▸ EXERCISE OBJECTIVE
Repeat exactly the lines that run from the start of the records below to the line with "GUANAMBI — Uma", including both of those lines but not the pictures.

[Saved data entries]
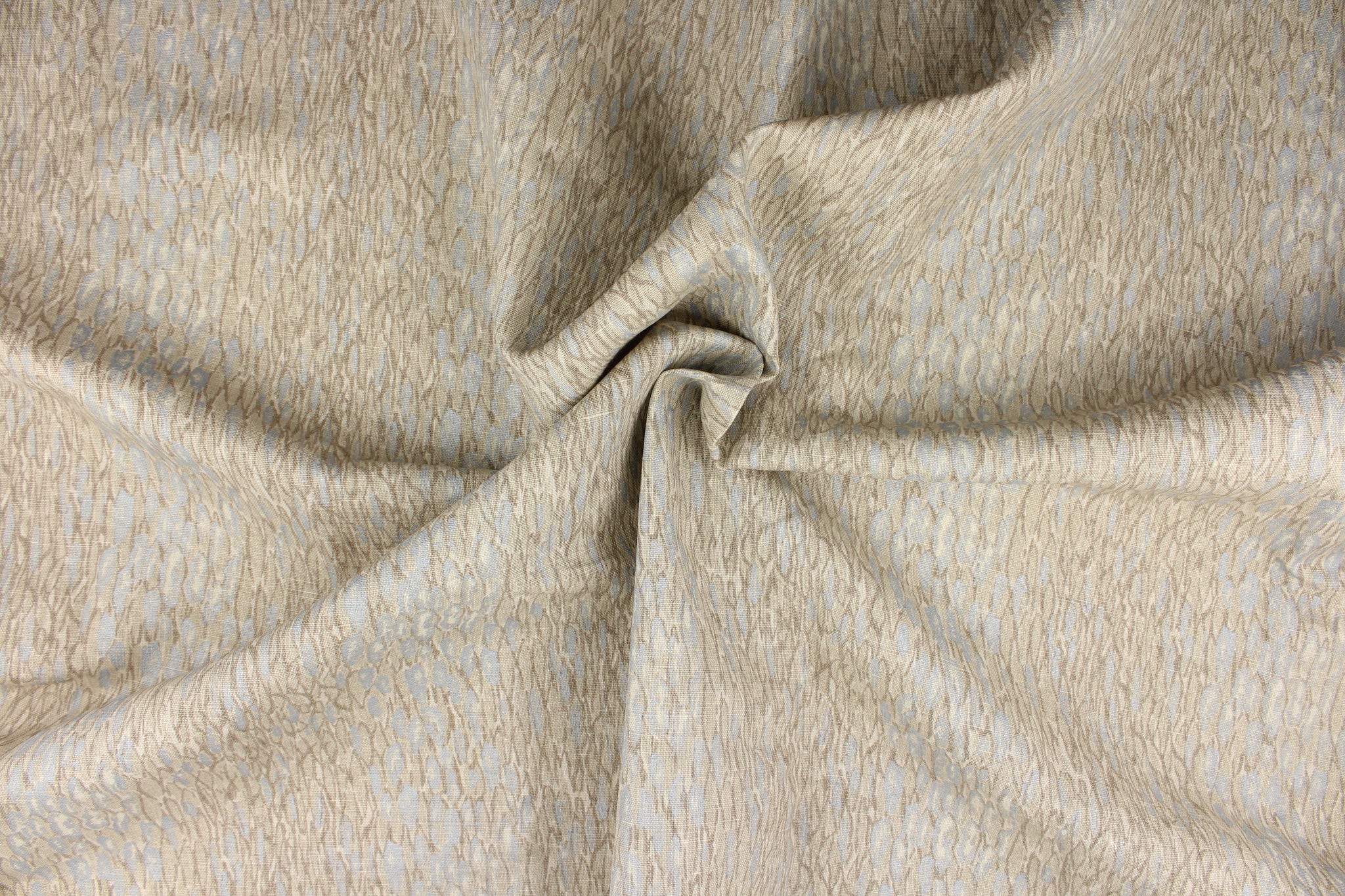 DESCRIPTION: This fabric features an abstract design in brown gray tones and silvery blue colors. Use this for bedding, upholstery, pillows, drapery, etc.
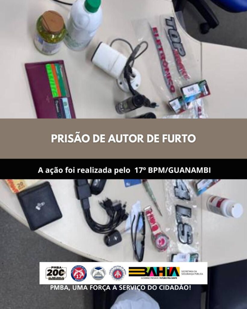 GUANAMBI — Uma ação conjunta entre as polícias Militar e Civil prendeu, na manhã desta segunda-feira (24), um homem de 35 anos, no bairro Monte Pascoal, suspeito de realizar um furto na Unidade de Pronto Atendimento (UPA 24h), na cidade de Guanambi, na região sudoeste da Bahia.
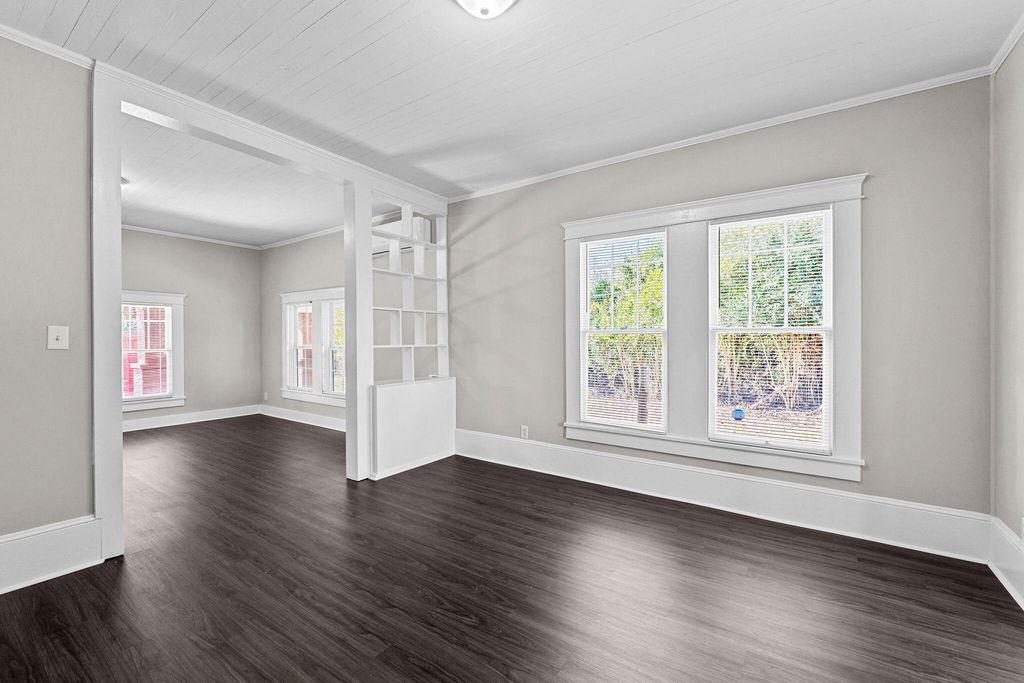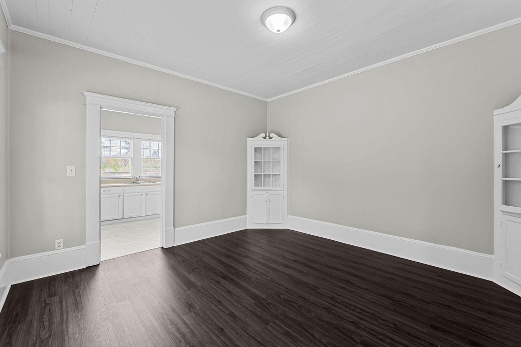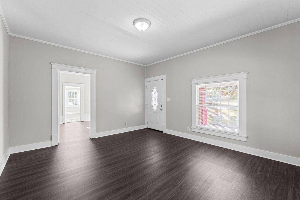 Step into a home that actually lives up to the word renovated. This 2-bedroom, 1.5-bath charmer sits on a full acre and blends crisp updates with the kind of character newer builds can't touch. The fresh green siding and brick columns give the exterior instant curb appeal, while the large covered front porch sets the tone before you ever walk inside. Once you're in, the updates hit immediately: new neutral paint, new flooring, and bright natural light throughout. But the real magic is in the preserved details"”original built-ins in the dining room, substantial millwork, oversized baseboards, and stunning original wooden ceilings that anchor the home with warmth and authenticity. The kitchen has been refreshed with new appliances, open shelving, and plenty of light, creating a clean, functional workspace that still feels connected to the home's historical identity. If you want a property that offers space, style, and soul"”this one delivers. One acre, smart updates, and character that wasn't engineered but earned. This is the rare home that actually feels like home. Schedule your private showing today!
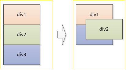 还可以设置成相对于某个父元素做绝对定位(下图中祖先元素就是橙色的框,div2原来的位置被div3占据了) 。
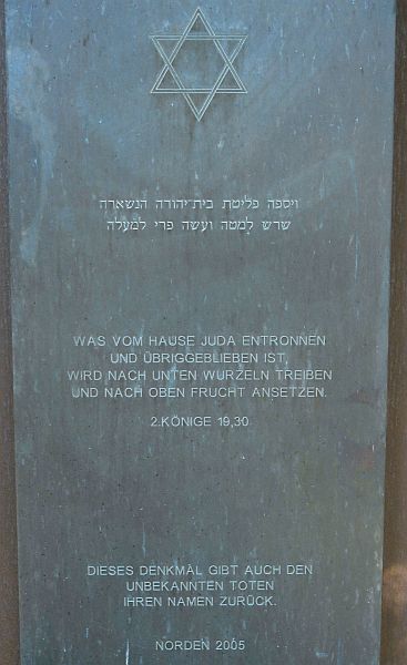 Synagogengemeinde Norden eingeweiht. Das Mahnmal wurde vor allem auf Grund der

▸ RESPONSE BELOW
 DESCRIPTION: This fabric features an abstract design in brown gray tones and silvery blue colors. Use this for bedding, upholstery, pillows, drapery, etc.
 GUANAMBI — Uma ação conjunta entre as polícias Militar e Civil prendeu, na manhã desta segunda-feira (24), um homem de 35 anos, no bairro Monte Pascoal, suspeito de realizar um furto na Unidade de Pronto Atendimento (UPA 24h), na cidade de Guanambi, na região sudoeste da Bahia.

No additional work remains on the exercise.